Implications and Future Directions

DEIMv2 effectively adapts DINOv3 features for real-time object detection, offering models ranging from high-performance to ultra-lightweight. The scalability and versatility of DEIMv2 provide substantial practical applicability, from edge devices to high-end systems, facilitating broader adoption of efficient real-time detection technologies.

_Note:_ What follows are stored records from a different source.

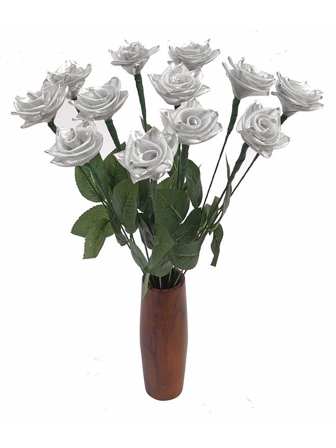The traditional 25th year anniversary gift is made from silver! Our JustSilverRibbonRoses are handmade from silver ribbon and formed into a flower that sits atop a 17” stem with a beautiful artificial leaf in the middle.
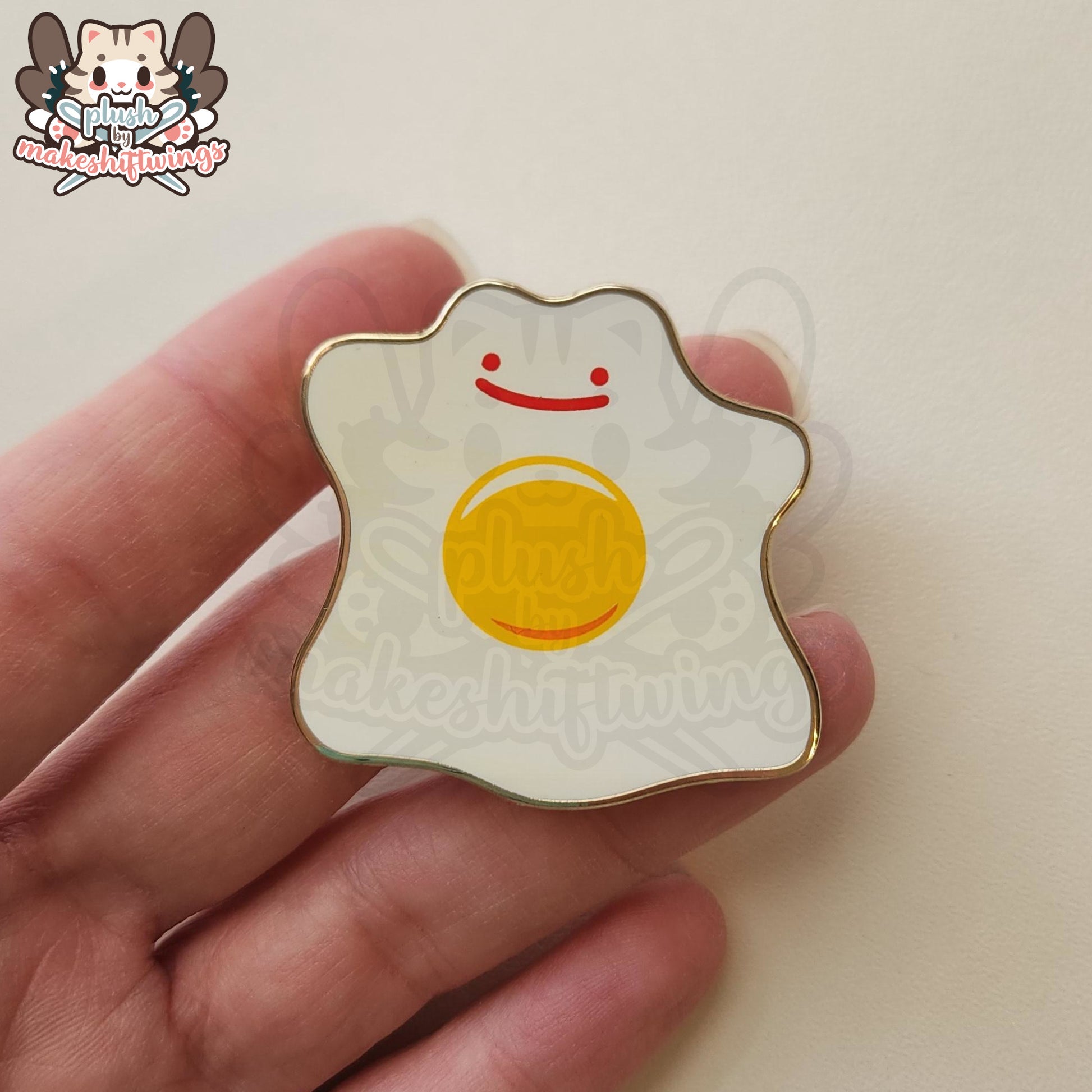 The hard enamel egg pins have gold plating with screen printed eyes, mouth, and egg. They are approximately 1.5" tall. Pins have 2 red heart rubber backings and come with a plate backing card.
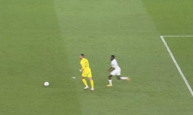 第31分钟,C罗在禁区左侧挤开加纳中卫吉库后将球打进,裁判判罚C罗犯规在先。
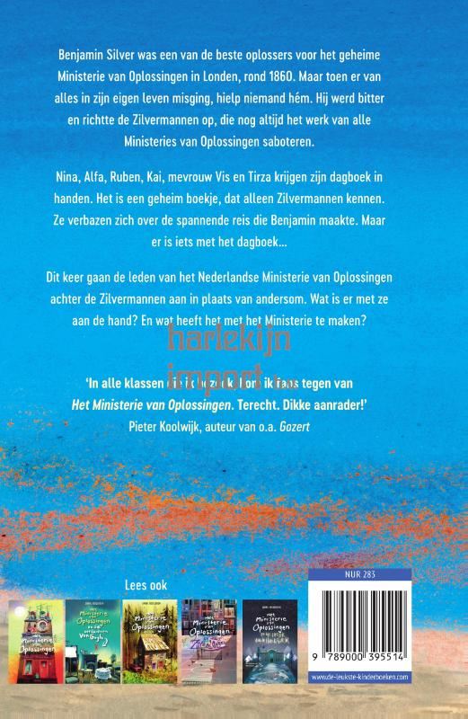 Het Ministerie van Oplossingen gaat achter de Zilvermannen aan… De leden van het Ministerie van Oplossingen krijgen het dagboek van Benjamin Silver in handen, de man die in de negentiende eeuw de Zilvermannen oprichtte, de grote vijand van het Ministerie. Het is een geheim boekje, dat alleen Zilvermannen kennen. Nina, Alfa, Ruben, Kai, mevrouw Vis en Tirza verbazen zich over de spannende reis die Benjamin maakte. Maar er is iets met het dagboek… Dit keer gaan de leden van het Nederlandse Ministerie van Oplossingen achter de Zilvermannen aan in plaats van andersom. Wat is er met ze aan de hand? En wat heeft het met het Ministerie te maken? Het Ministerie van Oplossingen en het dagboek van Benjamin Silver is het zesde los te lezen deel van de geliefde serie over het Ministerie van Oplossingen van Sanne Rooseboom. Mark Janssen maakte de leuke tekeningen. Voor jongens en meisjes vanaf 9 jaar. ‘In alle klassen die ik bezoek, kom ik fans tegen van Het Ministerie van Oplossingen. Terecht. Dikke aanrader!’ Pieter Koolwijk, auteur van o.a. Gozert ‘In het kader van onorthodoxe maatregelen stel ik voor dat elke ambtenaar, politicus en bestuurder Het Ministerie van Oplossingen leest, van Sanne Rooseboom.’ de Volkskrant
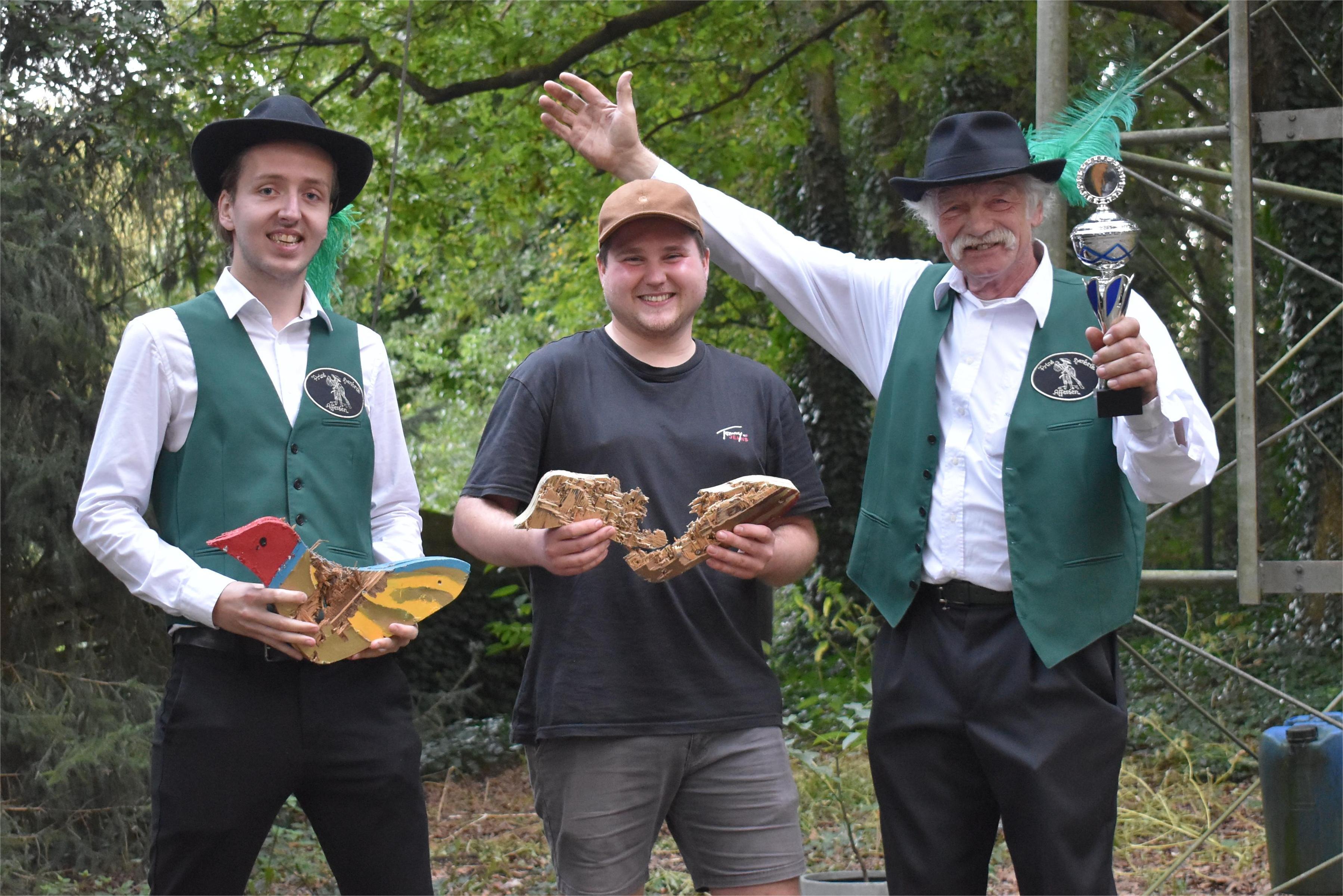 Foto: (vlnr) Vogelkoning Jesse Custers, publiekskoning Mika Wijers en koning op de wip Bert Megens.
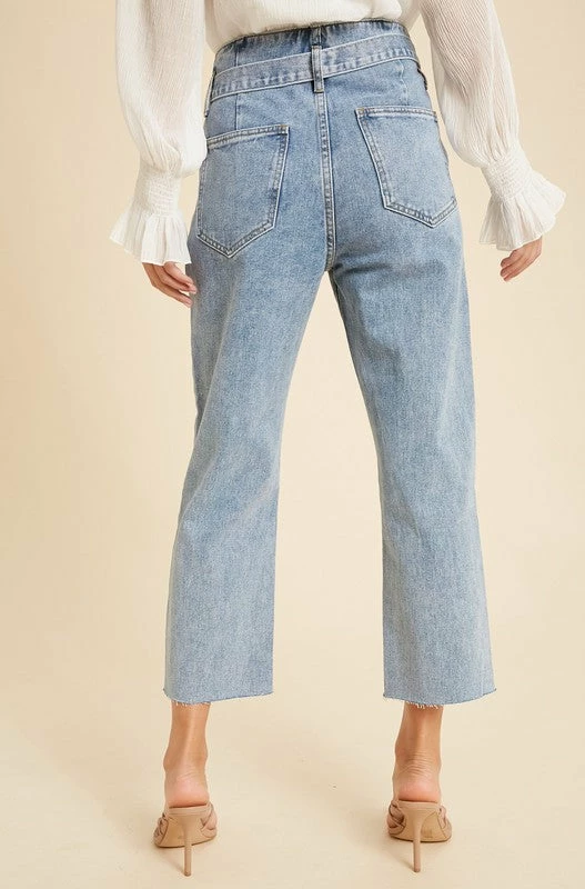 The ultimate paperbag pants, such a staple piece in your closet! Everybody needs a good go-to pair of denim jeans for dressier occasions and THIS is the perfect one. Featuring button and zipper closure, denim self tie belt, wide leg, raw hemlines, and functioning side and back pockets. Such a flattering fit while still being very comfortable, and fun!
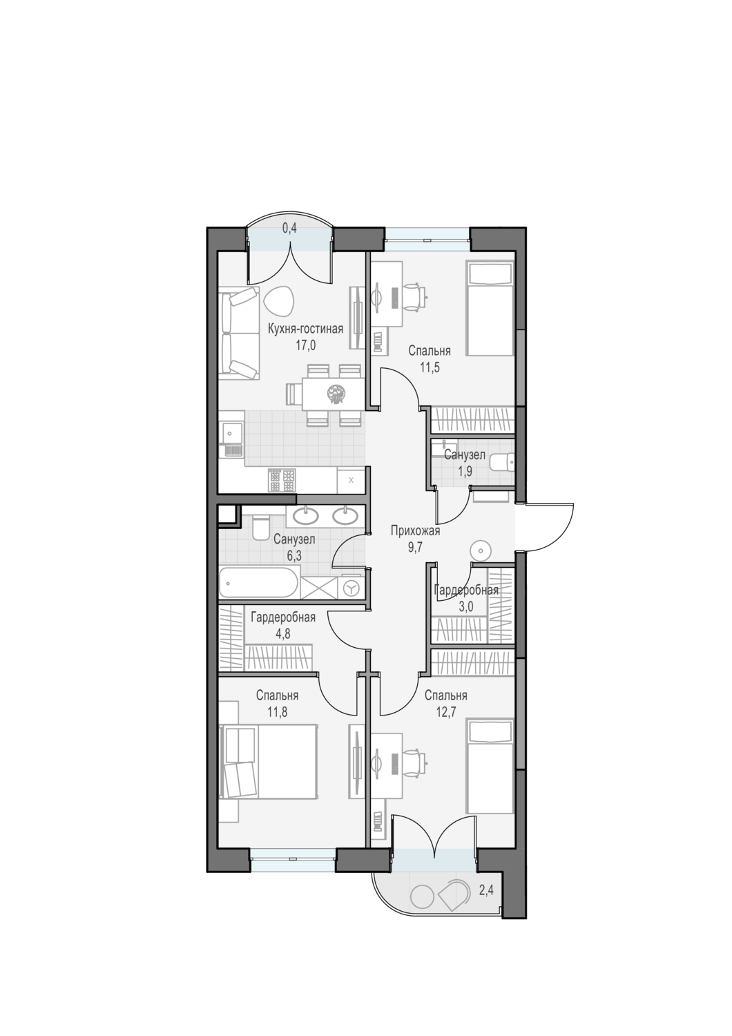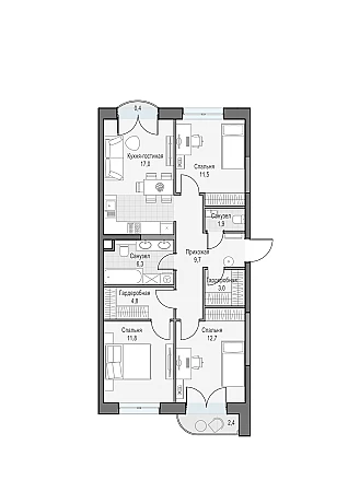 Трехспальная квартира на две стороны света. Из окон открывается вид на парк Дубовая Роща и Останкинскую телебашню. Окна двух спален выходят с видом на двор-долину.
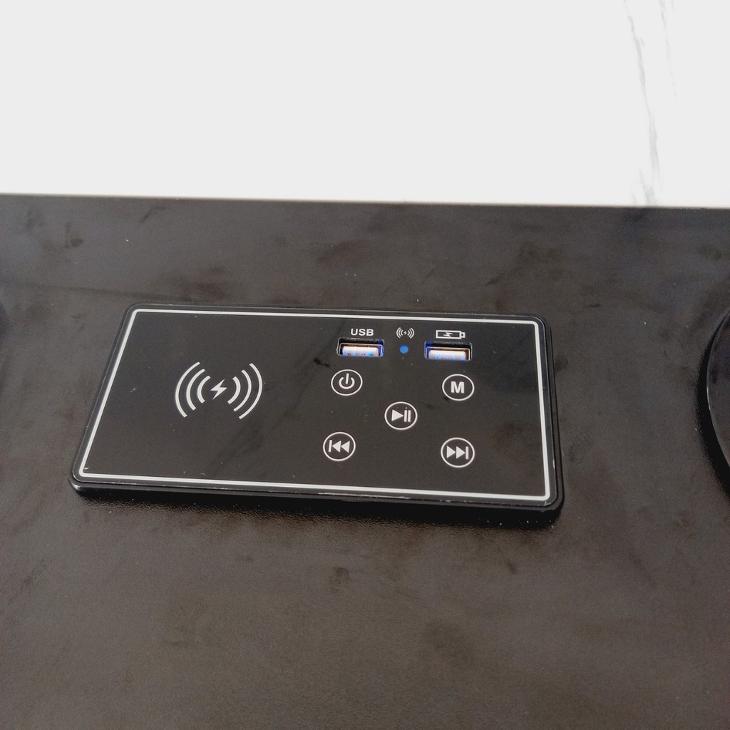 - Bàn làm việc được tích hợp cổng sạc 1 cổng sạc USB 5V2A, sạc không dây giúp thuận tiện cho việc sạc điện thoại và hệ thống 2 loa kết nối bluetooth từ các thiết bị như (điện thoại, máy tính bảng...).Thiết bị có hỗ trợ phát nhạc trực tiếp từ USB và có nút điều chỉnh chọn bài hài kế tiếp, phát nhạc với âm thanh trầm ấm giúp cho bạn thư giản trong những lúc mệt mỏi.
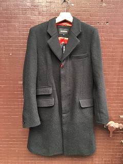 2016/11/17 Category : お知らせ NEVERTRUSTから待望のクロンビーコート入荷!! NEVERTRUSTからクロンビーコートが入荷しました!NEVERTRUSTでは定番アイテムですが今年は使いやすい黒が復活!そして生地もリニューアル、今年は高級感溢れる、毛足が長く暖かいダイアゴナルを使用!いつ入るの?との声を沢山頂いていた、皆さん待望のアイテムです☆SIZE-2(M),3(L)¥39000+TAX→通販はこちらをクリック 裏地は色気のあるイングランド・レッド・ツイル。着用イメージはこんな感じです♪ 伝統的な英国紳士のウールコートですが、スキンズ、パンクスをも魅了してやまないロング丈コート。ウエストの切り込みでシャープな美シルエットに。それだけでなく型崩れをも防いでくれます。そして着用写真でもあるように、このようなコートはマフラーと相性がとても良いですよね♪是非合わせてご覧下さい! 防寒アイテムも気を抜かず、冬を楽しみましょう☆大内本舖通販サイトはこちら
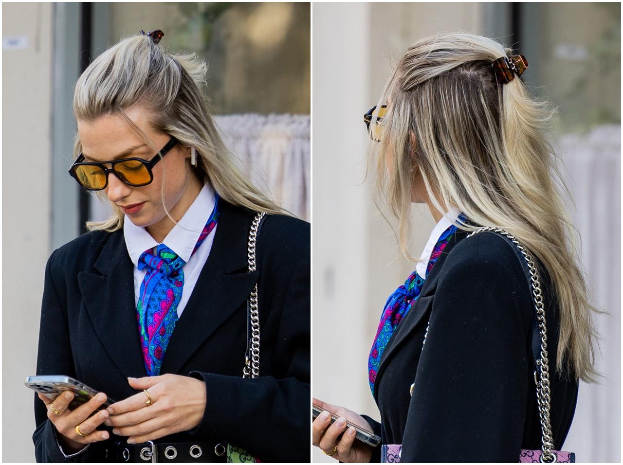 こなれ感抜群のファッションが目立ったロンドン・ファッション・ウィークでは、ヘアクリップでつくるゆるめのアップヘアも人気。つくり込みすぎることなく、後ろ姿もオシャレに見せた。

Future research could focus on optimizing small-object detection and further reducing latency through techniques like Flash Attention, enhancing DEIMv2's efficiency. Implementing these models in varied real-world environments could also yield new insights into optimizing detection frameworks for specific application domains.

Conclusion

DEIMv2 represents a significant advancement in real-time object detection by integrating DINOv3 features with the innovative STA. It delivers remarkable performance improvements across a spectrum of model configurations, addressing diverse deployment requirements from mobile to GPU-based environments. This work lays the foundation for future enhancements in object detection, emphasizing the potential for integrating detailed semantic representations from now widely recognized ViT architectures.